[GIVEN INFORMATION]
#####
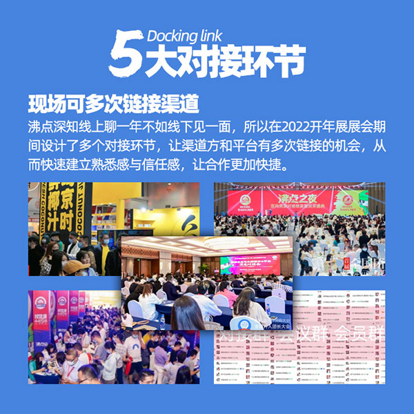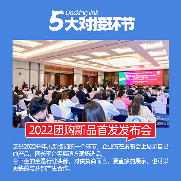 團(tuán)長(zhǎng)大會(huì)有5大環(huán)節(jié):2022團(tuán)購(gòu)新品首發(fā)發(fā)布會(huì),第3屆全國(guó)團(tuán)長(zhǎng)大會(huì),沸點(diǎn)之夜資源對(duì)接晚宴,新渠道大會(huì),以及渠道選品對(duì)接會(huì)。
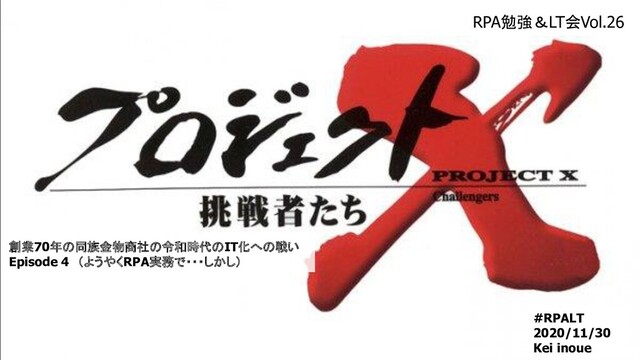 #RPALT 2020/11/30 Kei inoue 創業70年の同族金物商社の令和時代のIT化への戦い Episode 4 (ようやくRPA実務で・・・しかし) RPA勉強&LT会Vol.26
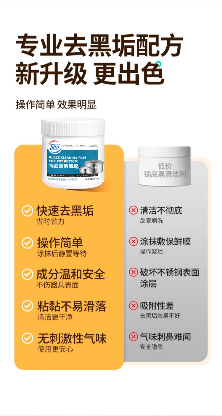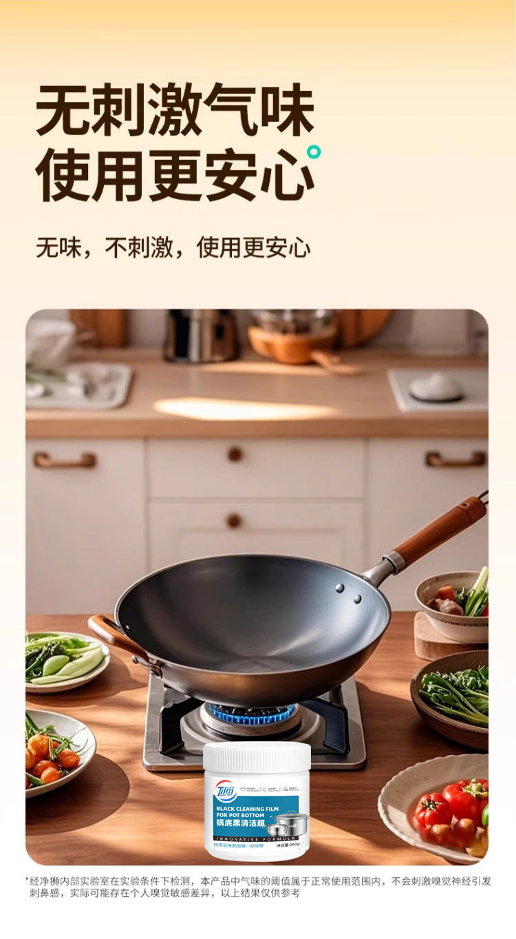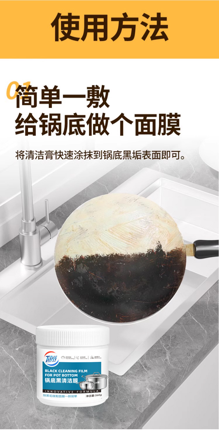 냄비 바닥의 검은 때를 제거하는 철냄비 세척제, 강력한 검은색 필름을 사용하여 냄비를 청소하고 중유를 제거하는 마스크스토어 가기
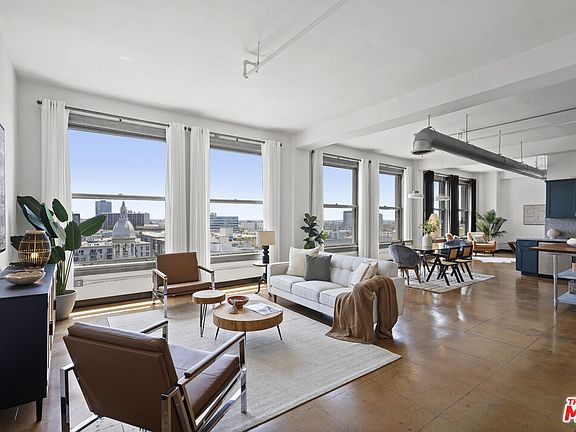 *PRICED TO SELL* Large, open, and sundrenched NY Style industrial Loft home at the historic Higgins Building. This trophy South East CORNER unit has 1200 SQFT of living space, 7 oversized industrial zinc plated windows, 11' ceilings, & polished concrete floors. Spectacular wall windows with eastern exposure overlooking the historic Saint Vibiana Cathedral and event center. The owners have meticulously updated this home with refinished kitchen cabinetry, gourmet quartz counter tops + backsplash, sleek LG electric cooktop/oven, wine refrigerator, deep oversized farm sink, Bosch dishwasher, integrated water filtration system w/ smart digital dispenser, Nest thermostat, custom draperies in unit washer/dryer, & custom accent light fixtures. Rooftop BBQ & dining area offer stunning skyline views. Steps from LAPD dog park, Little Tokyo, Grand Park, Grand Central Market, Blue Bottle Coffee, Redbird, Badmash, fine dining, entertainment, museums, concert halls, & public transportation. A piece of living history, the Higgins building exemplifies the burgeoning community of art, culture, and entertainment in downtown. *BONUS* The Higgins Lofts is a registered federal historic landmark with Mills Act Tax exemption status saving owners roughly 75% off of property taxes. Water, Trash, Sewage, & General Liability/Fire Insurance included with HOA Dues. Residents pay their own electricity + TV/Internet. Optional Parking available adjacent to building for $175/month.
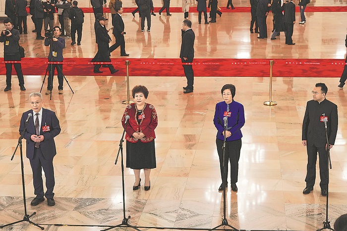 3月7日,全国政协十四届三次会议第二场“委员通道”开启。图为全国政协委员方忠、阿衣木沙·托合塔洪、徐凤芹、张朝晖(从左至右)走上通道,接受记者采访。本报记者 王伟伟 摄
#####
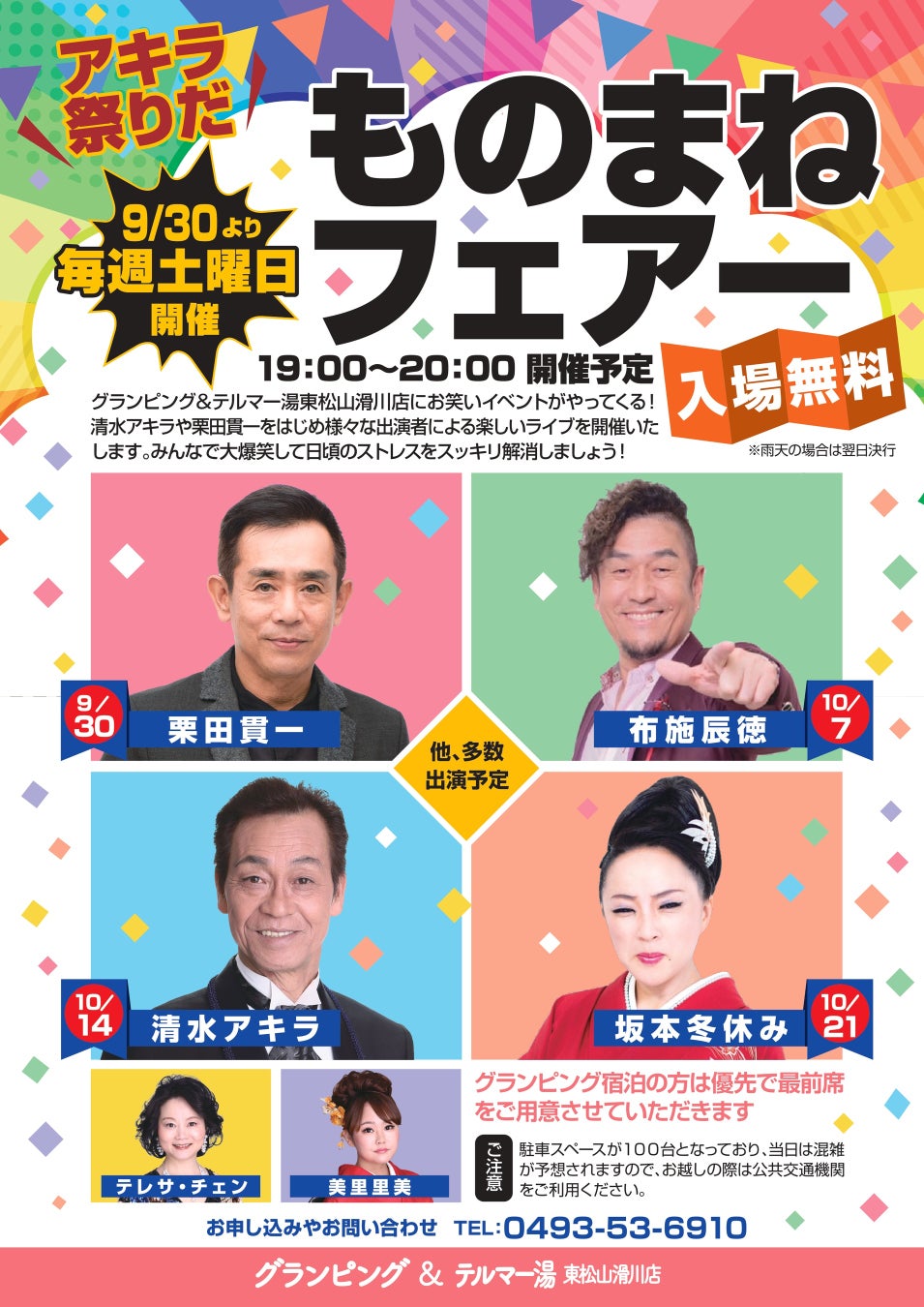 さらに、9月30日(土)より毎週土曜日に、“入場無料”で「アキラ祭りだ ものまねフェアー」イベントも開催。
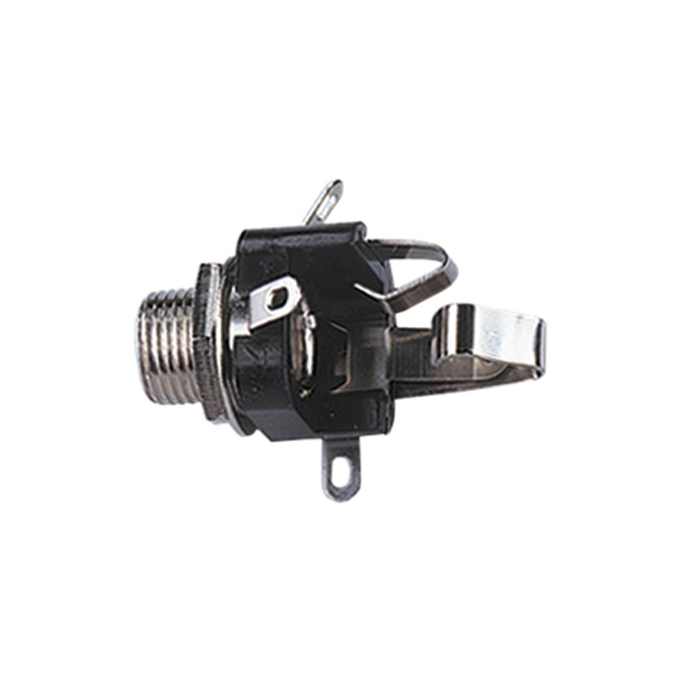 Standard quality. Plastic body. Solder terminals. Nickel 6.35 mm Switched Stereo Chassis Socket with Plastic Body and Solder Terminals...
#####
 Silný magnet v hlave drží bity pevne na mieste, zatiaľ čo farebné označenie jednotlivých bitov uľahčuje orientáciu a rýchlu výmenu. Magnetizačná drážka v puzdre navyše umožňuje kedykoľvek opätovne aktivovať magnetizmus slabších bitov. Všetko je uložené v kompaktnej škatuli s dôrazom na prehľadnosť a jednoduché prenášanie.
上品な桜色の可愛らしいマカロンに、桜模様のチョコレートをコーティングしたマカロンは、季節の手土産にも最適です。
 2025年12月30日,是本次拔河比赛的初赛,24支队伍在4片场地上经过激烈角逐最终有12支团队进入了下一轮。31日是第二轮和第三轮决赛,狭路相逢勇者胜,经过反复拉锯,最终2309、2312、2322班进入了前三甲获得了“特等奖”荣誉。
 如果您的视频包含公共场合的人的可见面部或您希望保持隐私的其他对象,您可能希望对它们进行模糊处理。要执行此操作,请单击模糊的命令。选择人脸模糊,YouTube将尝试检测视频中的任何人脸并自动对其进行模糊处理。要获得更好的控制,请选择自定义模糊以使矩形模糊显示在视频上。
#####
[WORK REQUEST]
Output exactly the lines above that lie between the line with "團(tuán)長(zhǎng)大會(huì)有5大環(h" and the line with "냄비 바닥의 검은 때를", those two lines included, and no pictures.

[RESULT]
 團(tuán)長(zhǎng)大會(huì)有5大環(huán)節(jié):2022團(tuán)購(gòu)新品首發(fā)發(fā)布會(huì),第3屆全國(guó)團(tuán)長(zhǎng)大會(huì),沸點(diǎn)之夜資源對(duì)接晚宴,新渠道大會(huì),以及渠道選品對(duì)接會(huì)。
 #RPALT 2020/11/30 Kei inoue 創業70年の同族金物商社の令和時代のIT化への戦い Episode 4 (ようやくRPA実務で・・・しかし) RPA勉強&LT会Vol.26
 냄비 바닥의 검은 때를 제거하는 철냄비 세척제, 강력한 검은색 필름을 사용하여 냄비를 청소하고 중유를 제거하는 마스크스토어 가기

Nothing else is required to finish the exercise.